Aspiring to be a stick in the mud.
We may never get to herd immunity. And it may stick around. Those who get the vaccine and subsequent boosters if needed will continue to be predominately healthy and those who choose to avoid it may or may not continue to be healthy and maybe more impacted by it.
Once again, it is weird that this slides across religious lines. Not just conservative evangelicals. The more conservative and the more fundamentalist you are the more likely you are to avoid vaccines. You see it in Amish, Orthodox Jewish, Muslim, Christians….. It is interesting.
There are probably a lot of reasons that some people are not in the “definitely” or “probably” camps. For myself, I’m not in the definitely camp, since I have been waiting for some of the changes like those announced yesterday for vaccinated persons from the CDC. They way I see it, I’m not wasting my time on a vaccine for a bug that I may have already had (symptoms but no test) when the result was that all the restrictions are still in place anyway even two weeks after the 2nd shot.
I’m not at all an anti-vax person, and I don’t see any “scary” issues with the vaccine. I’ll probably get it at some point. As I posted in another thread, my interest will go up if it’s required for my job or international travel, or the restrictions on fully-vaccinated people go away. Until then, it’s just not that high on my priority list. And, of course, my category in my state for getting the vaccine is not on the list yet anyway, so even if I were in the “definitely” camp, it would probably be sometime in April or later before I’m even eligible. By then, there may be more guidance from the CDC which would make it more interesting for me to get the shot(s).
Dave Barnhart
My family would get the flu vaccine in the years when we had a baby in the house. (Five children along the way.) The one year in the past when some of us probably got the flu, we had had the vaccine.

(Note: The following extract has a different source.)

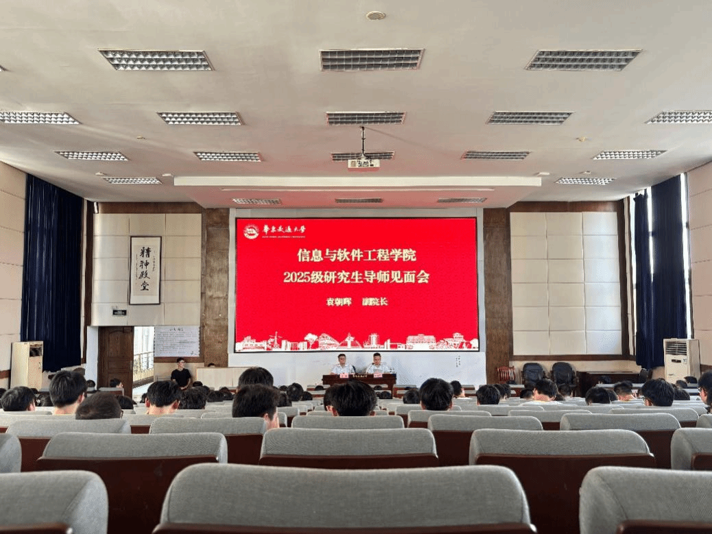 于南区图书馆202报告厅举办研究生导师见面会。学院院长姜楠、副院长袁朝晖、导师代表、研究生秘书、辅导员以及2025级全体研究生参加会议,会议由辅导员刘妮主持。
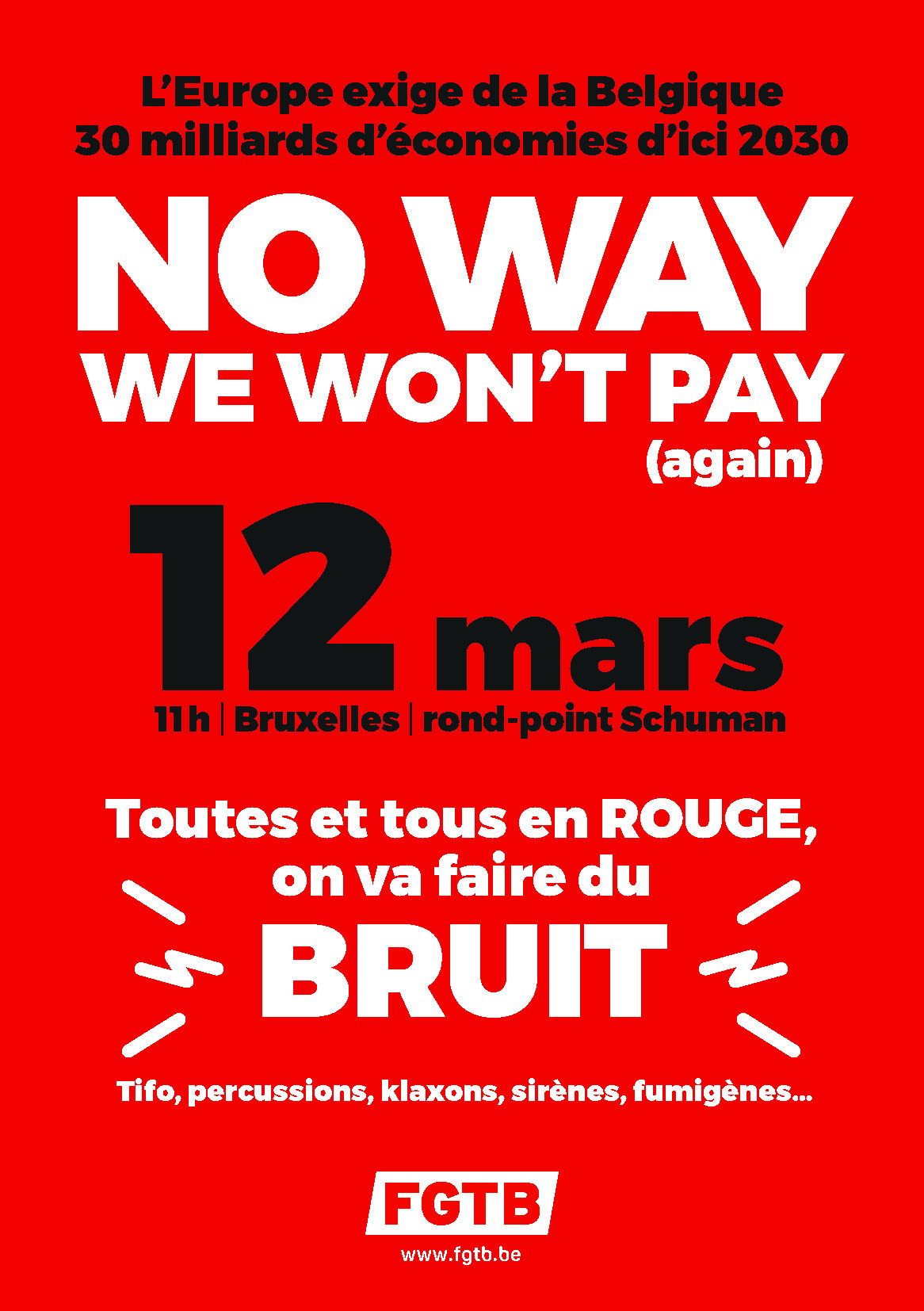 La FGTB organise une action le mardi 12 mars 2024 afin de protester contre les nouvelles mesures budgétaires décidées par l’Europe.

I have figured that there are people elsewhere in the US and in the world that need this vaccine more than we do. (And that we before we had our very, very mild case of it.)

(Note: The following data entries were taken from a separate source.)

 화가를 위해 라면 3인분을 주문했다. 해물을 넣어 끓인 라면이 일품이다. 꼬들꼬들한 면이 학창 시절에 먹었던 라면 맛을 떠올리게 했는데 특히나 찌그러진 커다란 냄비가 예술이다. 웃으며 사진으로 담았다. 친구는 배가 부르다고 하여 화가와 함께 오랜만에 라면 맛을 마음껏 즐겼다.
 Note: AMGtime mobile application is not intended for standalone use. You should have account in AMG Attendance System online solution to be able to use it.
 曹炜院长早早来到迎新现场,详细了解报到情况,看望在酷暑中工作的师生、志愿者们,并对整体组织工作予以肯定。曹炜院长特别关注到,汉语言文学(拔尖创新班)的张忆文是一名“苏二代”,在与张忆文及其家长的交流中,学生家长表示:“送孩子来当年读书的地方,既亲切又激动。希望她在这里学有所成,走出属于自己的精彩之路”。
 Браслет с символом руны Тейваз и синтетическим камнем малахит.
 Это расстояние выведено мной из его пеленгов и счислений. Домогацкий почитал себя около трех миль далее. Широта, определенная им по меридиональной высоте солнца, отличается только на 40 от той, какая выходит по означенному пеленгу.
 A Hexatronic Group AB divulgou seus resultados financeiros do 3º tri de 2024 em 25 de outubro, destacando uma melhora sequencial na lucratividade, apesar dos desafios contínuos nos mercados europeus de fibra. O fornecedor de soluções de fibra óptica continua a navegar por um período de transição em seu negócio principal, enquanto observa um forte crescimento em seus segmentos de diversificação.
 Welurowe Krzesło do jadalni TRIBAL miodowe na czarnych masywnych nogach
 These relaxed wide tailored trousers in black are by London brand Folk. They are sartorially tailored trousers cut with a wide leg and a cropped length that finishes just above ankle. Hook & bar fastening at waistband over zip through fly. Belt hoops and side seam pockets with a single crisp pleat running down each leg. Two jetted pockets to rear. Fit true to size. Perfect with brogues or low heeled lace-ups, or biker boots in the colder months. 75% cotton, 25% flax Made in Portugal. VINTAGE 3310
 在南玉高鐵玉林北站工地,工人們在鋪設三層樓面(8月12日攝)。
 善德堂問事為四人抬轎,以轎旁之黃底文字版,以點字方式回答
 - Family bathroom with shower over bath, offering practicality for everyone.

World ran an article about the rich countries having prospects of getting everyone the vaccine by EOY, and the poor countries several years down the road. So much for all America’s talk about diversity and inclusion. America is too busy arguing about which demographics and professions should have first dibs.
David French may want me to love my neighbor and get vaccinated. I think I’m going to love my neighbor and send my portion to Senegal or something, if Mr. French doesn’t mind.
Michael Osborne
Philadelphia, PA
[M. Osborne]David French may want me to love my neighbor and get vaccinated. I think I’m going to love my neighbor and send my portion to Senegal or something, if Mr. French doesn’t mind.

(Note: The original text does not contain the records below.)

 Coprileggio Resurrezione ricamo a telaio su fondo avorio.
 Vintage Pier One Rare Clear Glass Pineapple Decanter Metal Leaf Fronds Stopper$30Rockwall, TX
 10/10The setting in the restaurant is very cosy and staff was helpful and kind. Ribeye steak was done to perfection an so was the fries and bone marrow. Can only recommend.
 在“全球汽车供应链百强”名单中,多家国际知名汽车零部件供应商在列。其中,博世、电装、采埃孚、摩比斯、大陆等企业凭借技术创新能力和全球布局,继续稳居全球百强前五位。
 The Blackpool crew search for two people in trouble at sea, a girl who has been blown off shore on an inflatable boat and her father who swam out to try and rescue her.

Not quite how it works. But this is a free country and people can choose to do what they want to do. My guess is that people who have had it probably won’t get it. The problem with vaccine programs is that the vast majority of the purpose of a vaccine program is for community benefits. The decision to take the vaccine is an individual decision. Trying to bridge that gap is hard for those who 1) don’t see the benefit or need of it, or 2) have concerns with the ethical or safety elements of the vaccine.
Not quite how it works.
I know…just deadpan humor.
Michael Osborne
Philadelphia, PA
[dgszweda]I got Covid but am still planning on getting the vaccine as soon as I am able to. It has not been clear at all what getting the virus means long-term. To be on the safe side, I want the vaccine. I would be vaccinated already due to my working for a Healthcare organization, but I got sick and now I’m supposed to wait for some unknown reason before I can get my shot.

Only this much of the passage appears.